**Exercise aim**
Set down each line of the data below exactly as it stands, dropping the pictures.

**Material provided**

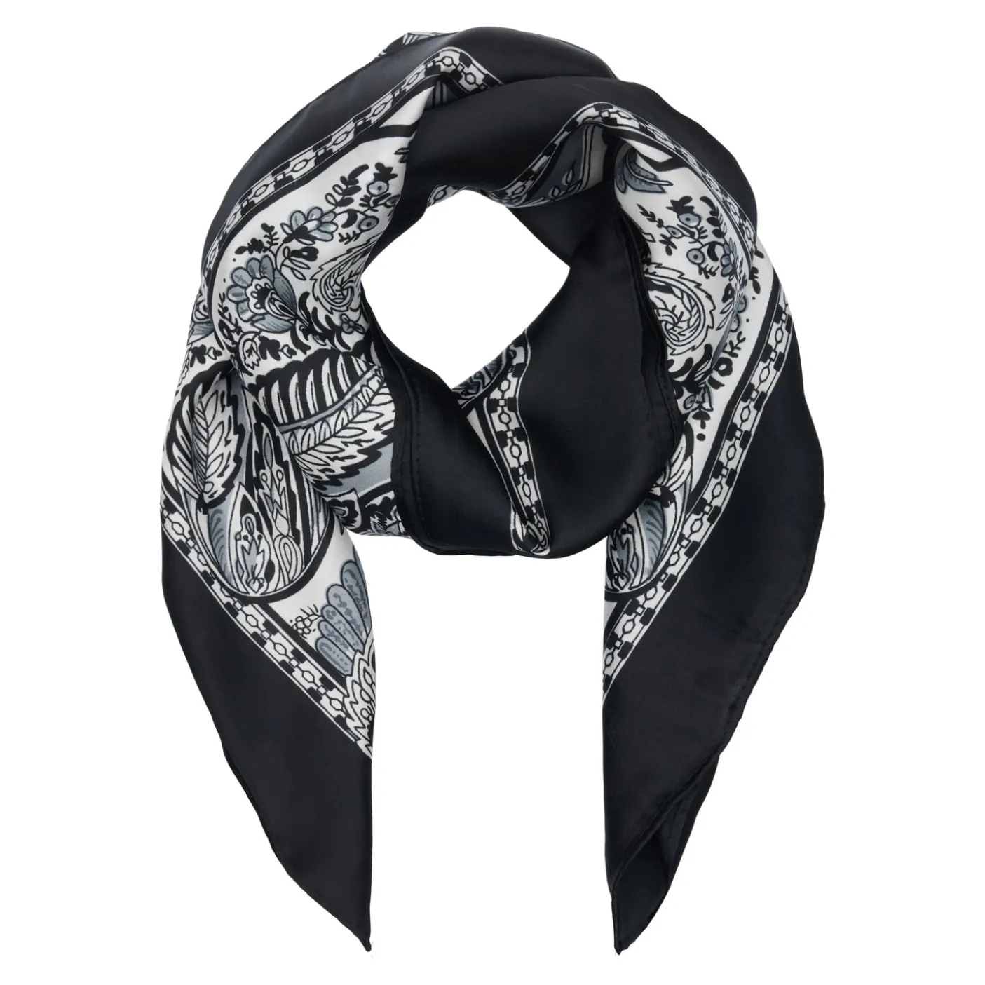 Polyester giver tørklædet et let og glat udtryk, mens printet tilfører karakter og et tydeligt grafisk præg. Den sorte farve holder looket roligt og stilrent.
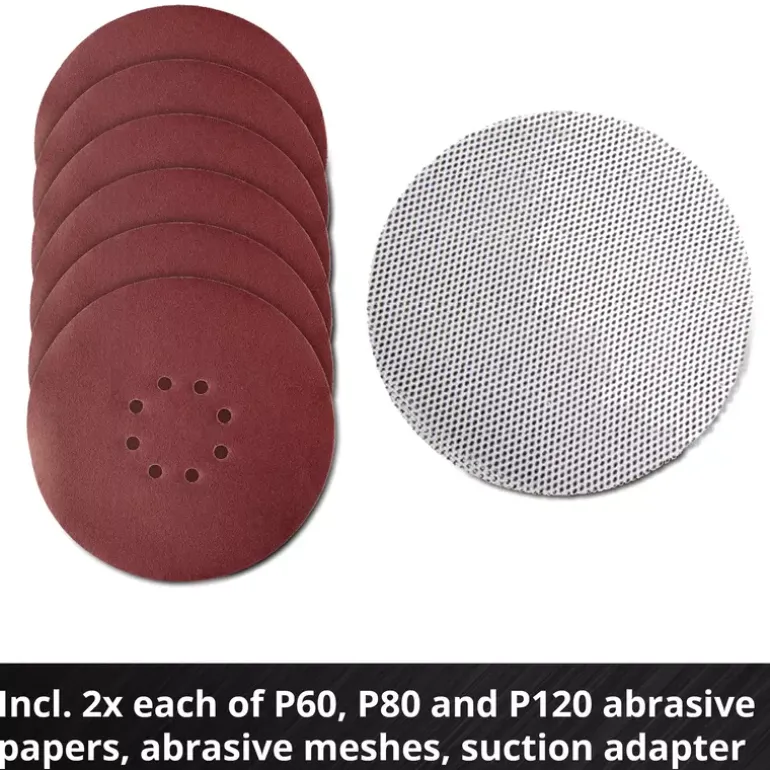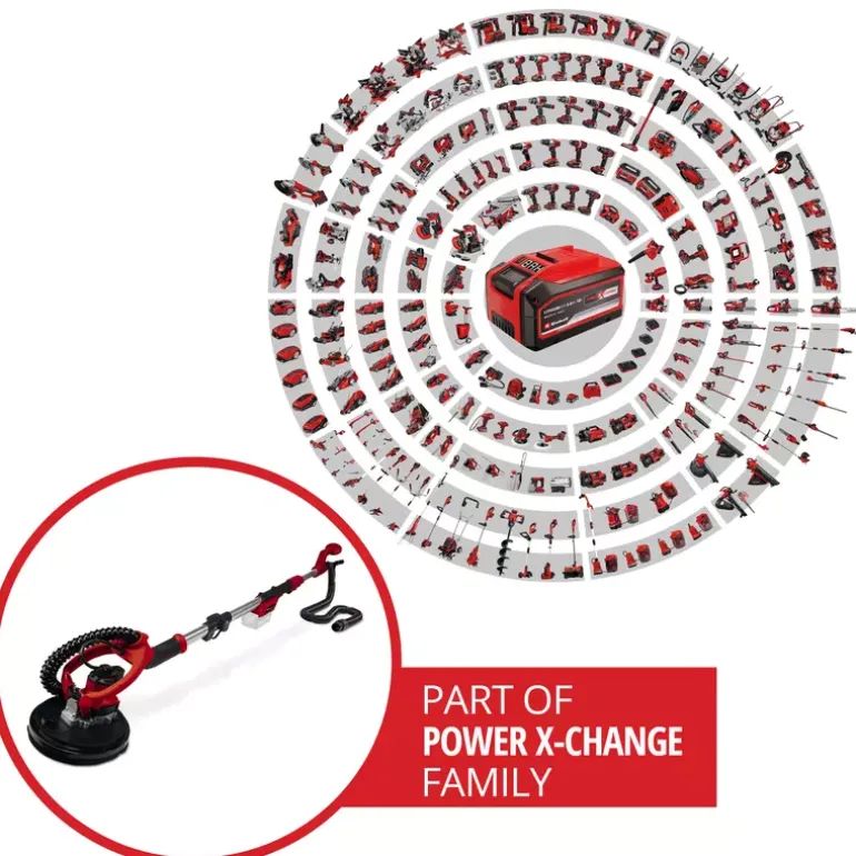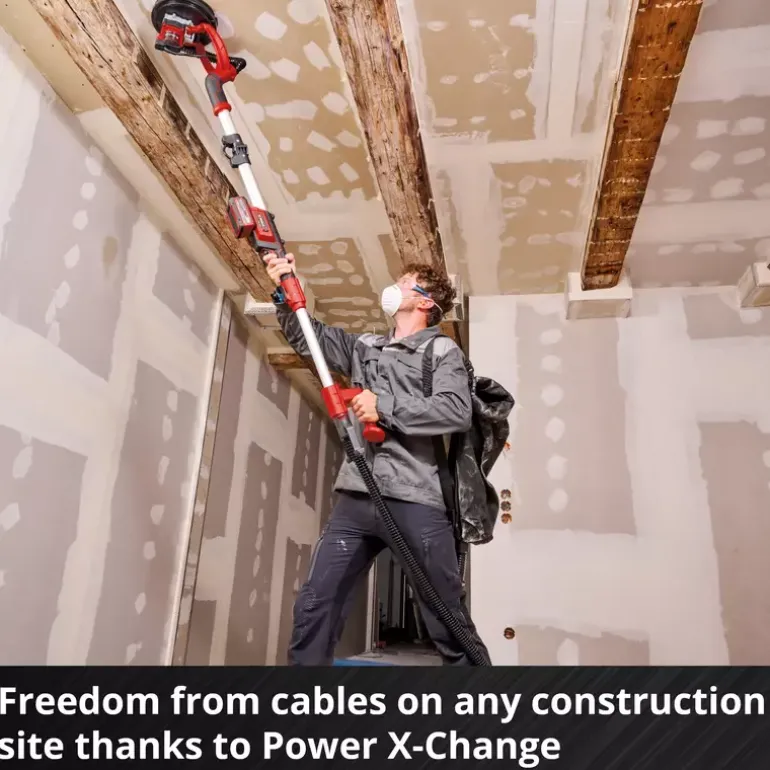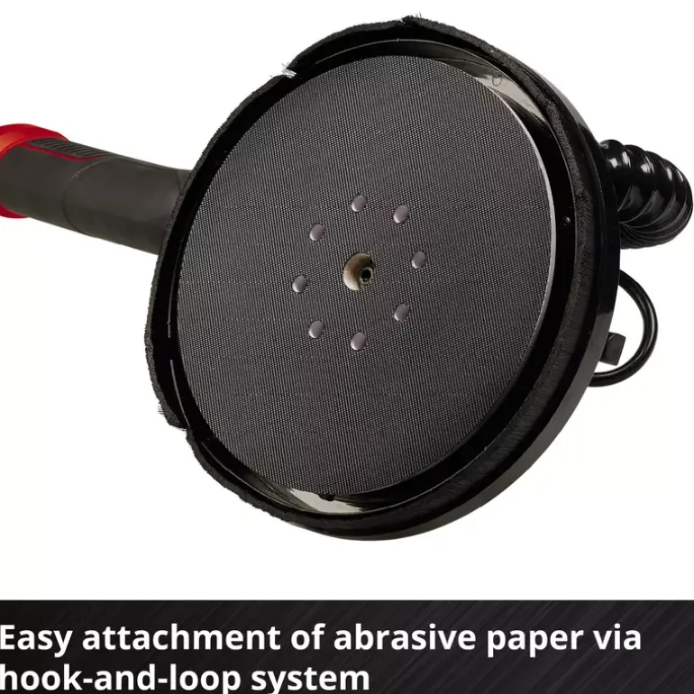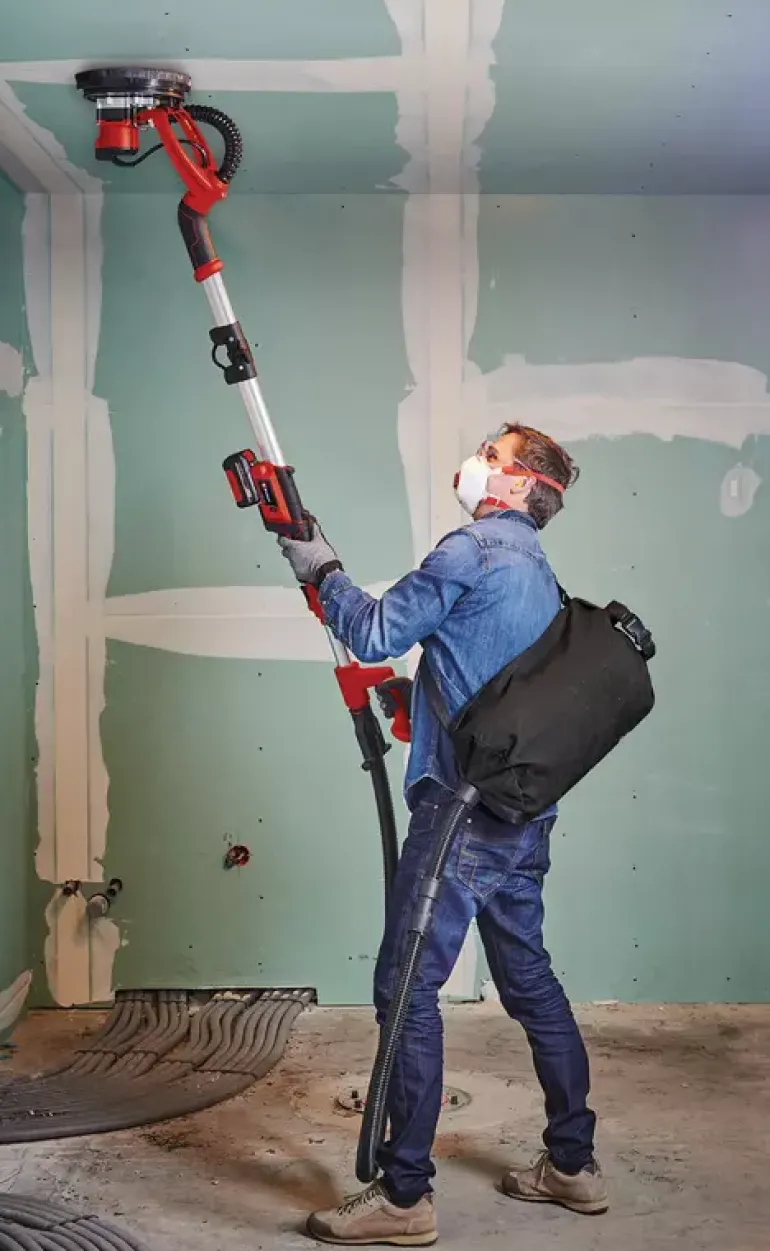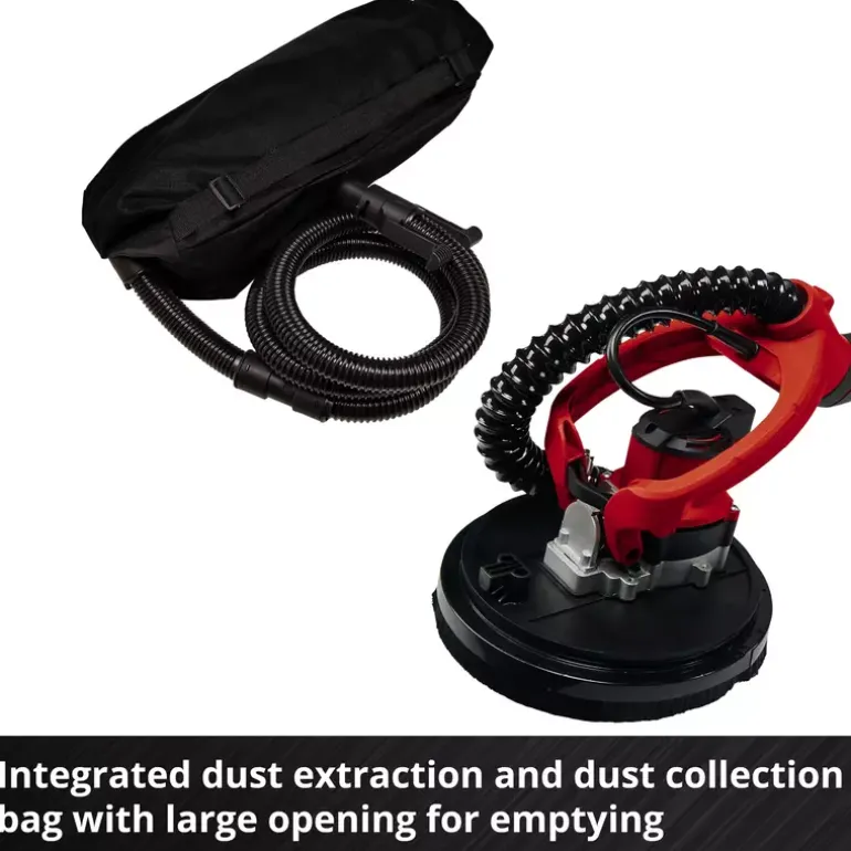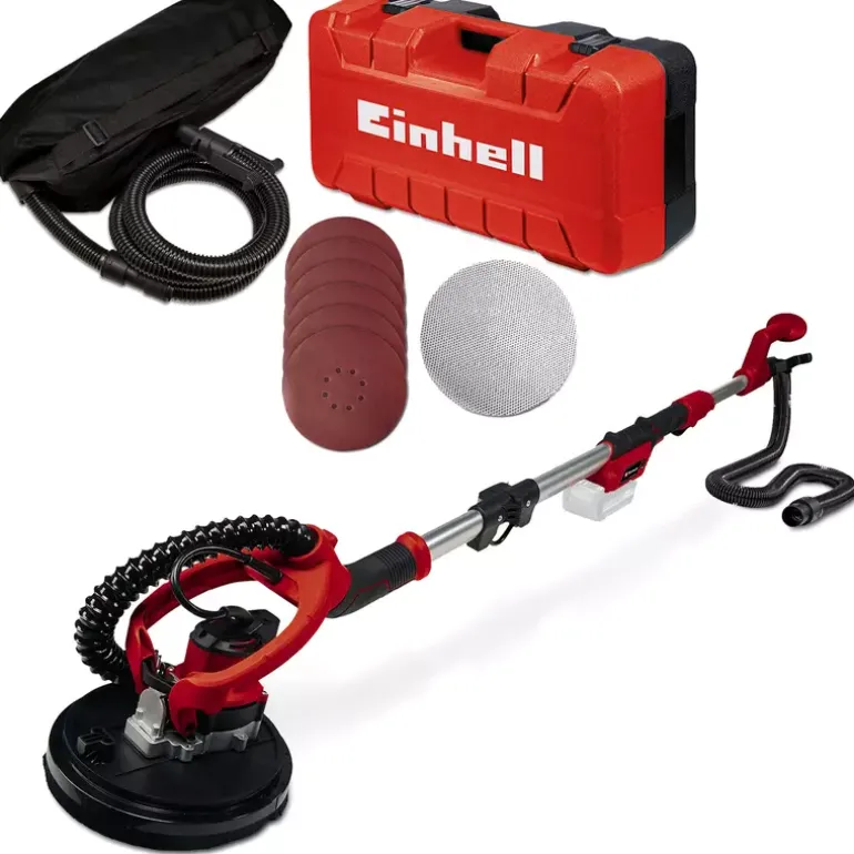 The Einhell cordless drywall sander TP-DW 18/225 Li E-Solo is a powerful, flexible member of the Power X-Change family. The drywall sander is an indispensable aid for the sanding plaster and plasterboard on ceilings and walls during renovation work. The speed electronics ensure material- and application-appropriate work during use. The cordless drywall sander is easy to use and comfortable in continuous use thanks to the function switch with locking button and the softgrip surfaces. The integrated dust extraction ensures a clean working area, while the brush ring is flexibly rotatable. The spring-mounted sanding plate ensures optimal contact with the wall or ceiling. The sanding plate is equipped with micro hook and loop fasteners. The foldable guide bar makes transport easy and the drywall sander space-saving when stored, and the aluminium extension with additional handle is removable. An extension hose with integrated stand, a dust collection sack with quick-release fastener and carrying strap as well as 6 pieces of sandpaper, a wire rope and an adapter for connecting a suitable vacuum cleaner are included in delivery. Comes in a practical transport case but does not include a battery or charger. These are available separately.
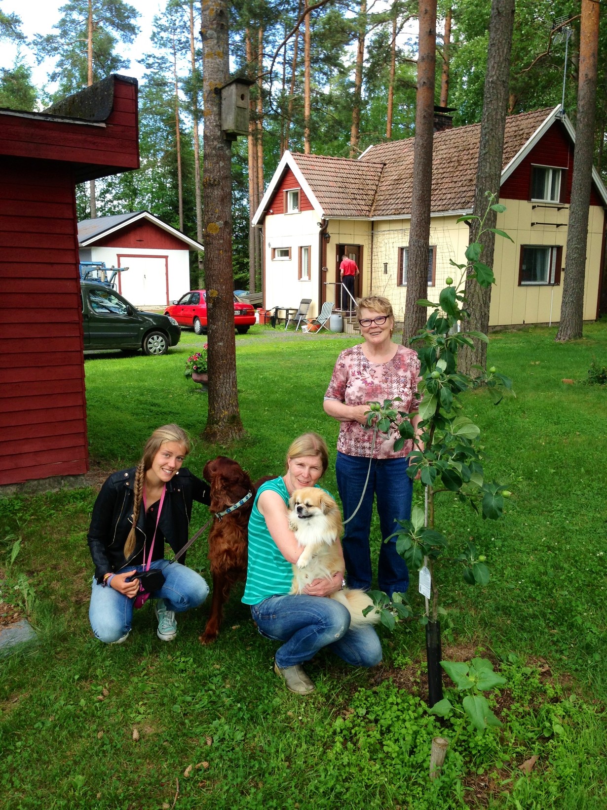 Karu arki KOTI 1.6.2014 klo 13:57 PERHEEN JÄSENET IHAILEE ISTUTETTUA OMANAPUUTA,LEMMIKKIEN KANSSA PERHEENI
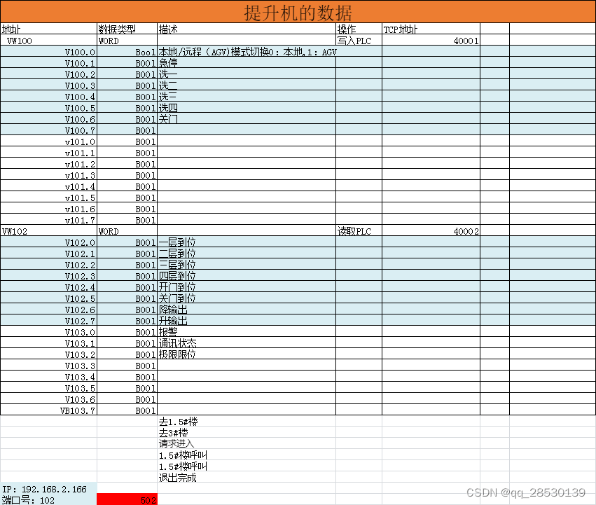 第1步:首先,提升机厂家的PLC程序员任工在【PLC信号对接点位需求表】中写了个表如下:

**Expected answer**
 Polyester giver tørklædet et let og glat udtryk, mens printet tilfører karakter og et tydeligt grafisk præg. Den sorte farve holder looket roligt og stilrent.
 The Einhell cordless drywall sander TP-DW 18/225 Li E-Solo is a powerful, flexible member of the Power X-Change family. The drywall sander is an indispensable aid for the sanding plaster and plasterboard on ceilings and walls during renovation work. The speed electronics ensure material- and application-appropriate work during use. The cordless drywall sander is easy to use and comfortable in continuous use thanks to the function switch with locking button and the softgrip surfaces. The integrated dust extraction ensures a clean working area, while the brush ring is flexibly rotatable. The spring-mounted sanding plate ensures optimal contact with the wall or ceiling. The sanding plate is equipped with micro hook and loop fasteners. The foldable guide bar makes transport easy and the drywall sander space-saving when stored, and the aluminium extension with additional handle is removable. An extension hose with integrated stand, a dust collection sack with quick-release fastener and carrying strap as well as 6 pieces of sandpaper, a wire rope and an adapter for connecting a suitable vacuum cleaner are included in delivery. Comes in a practical transport case but does not include a battery or charger. These are available separately.
 Karu arki KOTI 1.6.2014 klo 13:57 PERHEEN JÄSENET IHAILEE ISTUTETTUA OMANAPUUTA,LEMMIKKIEN KANSSA PERHEENI
 第1步:首先,提升机厂家的PLC程序员任工在【PLC信号对接点位需求表】中写了个表如下:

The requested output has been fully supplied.